The Client will monitor the state of Flink regularly, update the latest checkpoint address to its cache, and report it to the platform, and solidify it into MySQL. When Flink cannot restart again, the Client resubmits the task from the latest successful checkpoint. As a second guarantee. After this layer solidifies Checkpoint into MySQL, the Flink HA mechanism is no longer used, eliminating the component dependency of ZK.

When the current two layers fail to restart or the cluster is abnormal, the platform automatically pulls a new cluster from the latest ChekCPoint solidified into MySQL and submits the task as the third layer guarantee.

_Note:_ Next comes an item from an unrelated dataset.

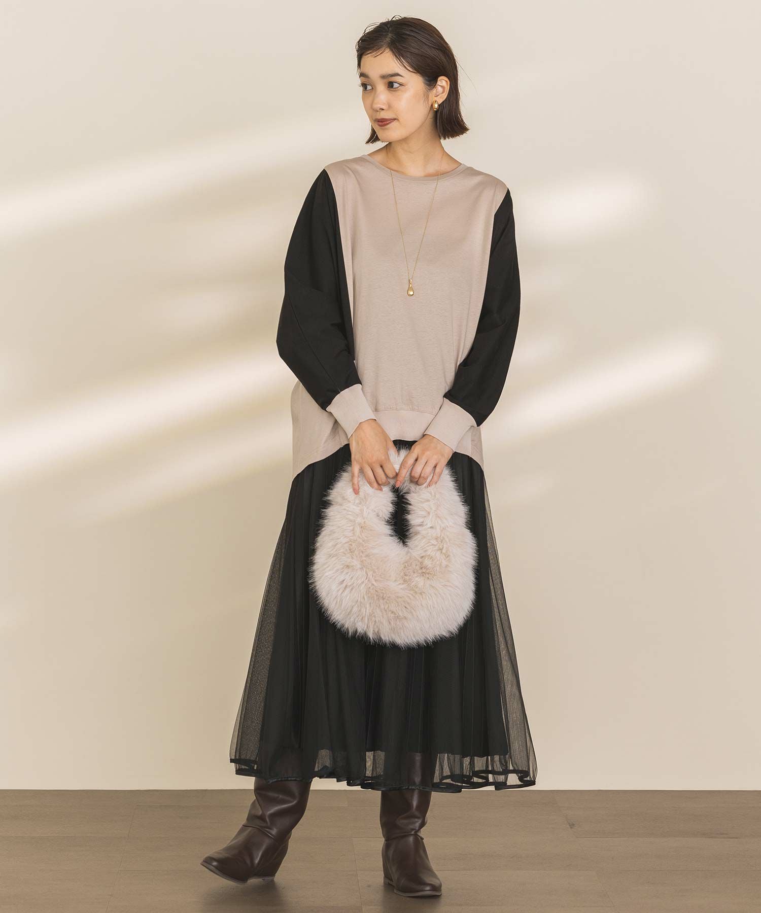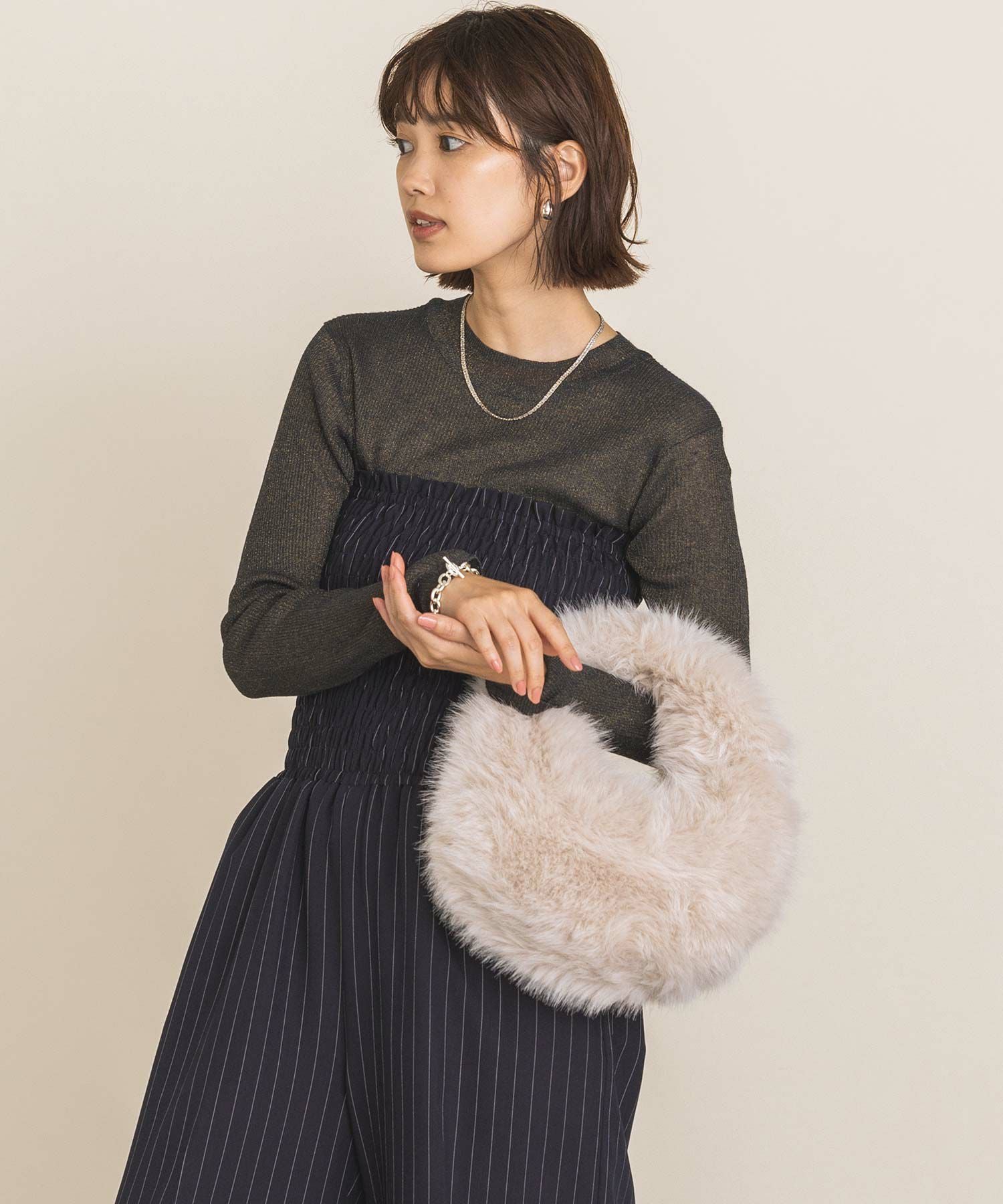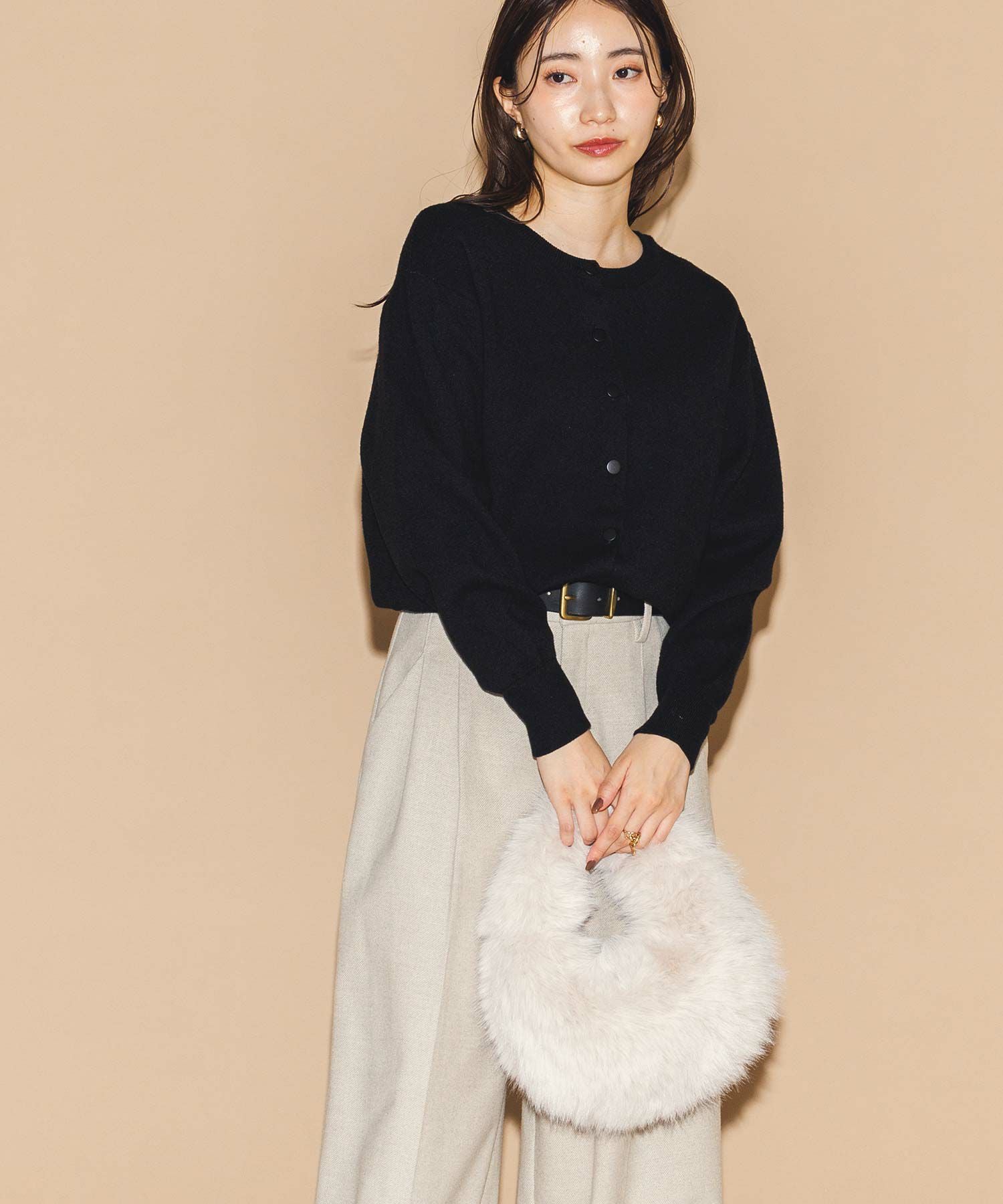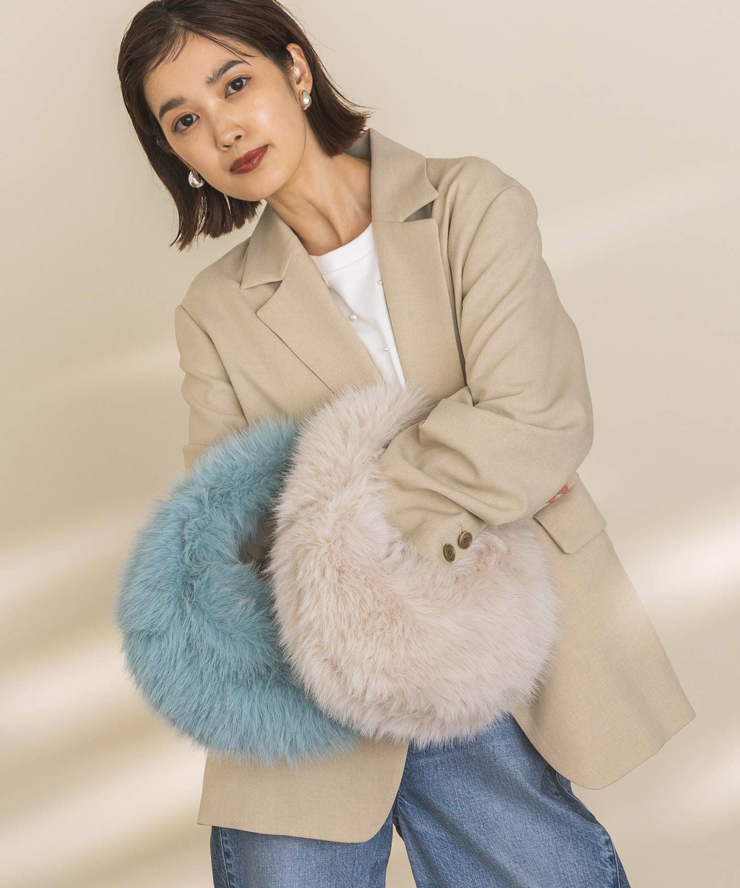 思わず触りたくなる肌ざわりで、持つだけで気分も上がります。冬のスタイリングのポイントに取り入れていただきたいアイテムです。

We support the arn-per-job pattern, which is primarily based on the Flink on Kubernetes pattern for deploying standalone clusters.

Q7: Are all the components on your big data platform containerized or mixed at the moment?

A7: At present, our real-time component Flink, Spark, Storm, Presto and other computing frameworks have been containerized. For details, please refer to 1.2 Platform Architecture above.

Q8: Kudu doesn’t run on Kubernetes, does he?

A8: Kudu does not run on Kubernetes, for which there is no particularly mature solution. And Kudu is based on Cloudera Manager operation and maintenance, there is no need to go to Kubernetes.

Q9: Is it possible to save the dimension table of Flink real-time data storehouse into CK and then query CK?

A9: It can be done. It can be worth trying. The data from both the fact table and the dimension table can be saved and can be hashed on a field (for example, user_id) to create a Local Join.